Per Christian (Apollo) reddit behaved like spoiled fucking babies til the very end and pulled the keys hours early and without the devs asking them to.
Reddit is dead to me. I'm a dev myself, and they just burned a big bridge with reddit's original core audience.
Great post. Lemmy right now reminds me of Reddit 15-16 years ago. Mostly tech workers or tech hobbyists who know far more than an average person and thus aren't put off by something new and different. I don't think Lemmy is very complicated as a concept and it boggles my mind that people are saying "making a new account on Lemmy.world or Kbin.social is too complicated for normal people." Yet I see it written all the time, sometimes here but mostly on reddit. And who knows; maybe the latter is a disinformation campaign since we know reddit pulls sneaky shit like that all the time (and targeting Lemmy, like with the warnings they placed on links at one point).
Lemmy's barriers to entry also somewhat remind me of early Facebook after they expanded to several universities. You needed to have an email address from one of those univerisities in order to create an account. So, not so much self selection in that scenario but another gate to keep people out.
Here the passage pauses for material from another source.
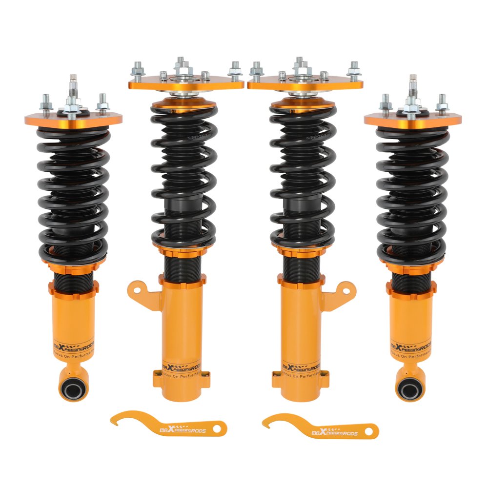 El amortiguador y el resorte se ensamblan como un todo antes de la instalación y se reemplazan como un todo cuando falla alguno de los dos subconjuntos. Los 24 kits de Coilovers ajustables de Maxpeedingrods pueden ajustar la altura del vehículo y la fuerza del amortiguador. Esto le permite marcar perfectamente en el sistema de bobinas. Puede disfrutar de una experiencia de conducción cómoda en todas las condiciones de la carretera.

I can respect Tildes' decision to become invite-only (with a very limited number of invites) for that reason. Lemmy, I think, is prioritizing growth at the potential cost of future community. Tildes is doing the opposite. I don't think one is necessarily more correct. And, with Lemmy, there are tons of alternatives waiting in the wings. Hopefully a balance can be struck.
I think the real test comes when the first wave of good third party apps are released. Sync, in particular, seems very promising given the developer's reddit app. Anything that can make it easier for people.
It blows my mind that people are actually defending Reddit on this.
I seriously think Reddit is operating a sock puppet scheme to push a narrative. They've done it before, and they've bragged about it to the press.
That is why there are so many baby accounts or long dormant accounts that suddenly came to life in the last couple weeks. This is a company which is coming off a month-long campaign of libeling and slandering its top third party developers, and then gish galloping all over the site after the recordings and emails were published.
Then you have Huffman idolizing Musk, saying he wants to do to Reddit what Musk did to Twitter.
Good third party apps cannot come to Lemmy and Kbin fast enough.
I'd argue that you're right, and that it has already happened. If the bootlicking crowd on Reddit is actually organic users hearing a call to action to start commenting after months and years of inactivity, that is. Reddit is known to operate large networks of sock puppet accounts for fake engagement and narrative control (per Venture Beat's reporting, which quotes an admission from Huffman).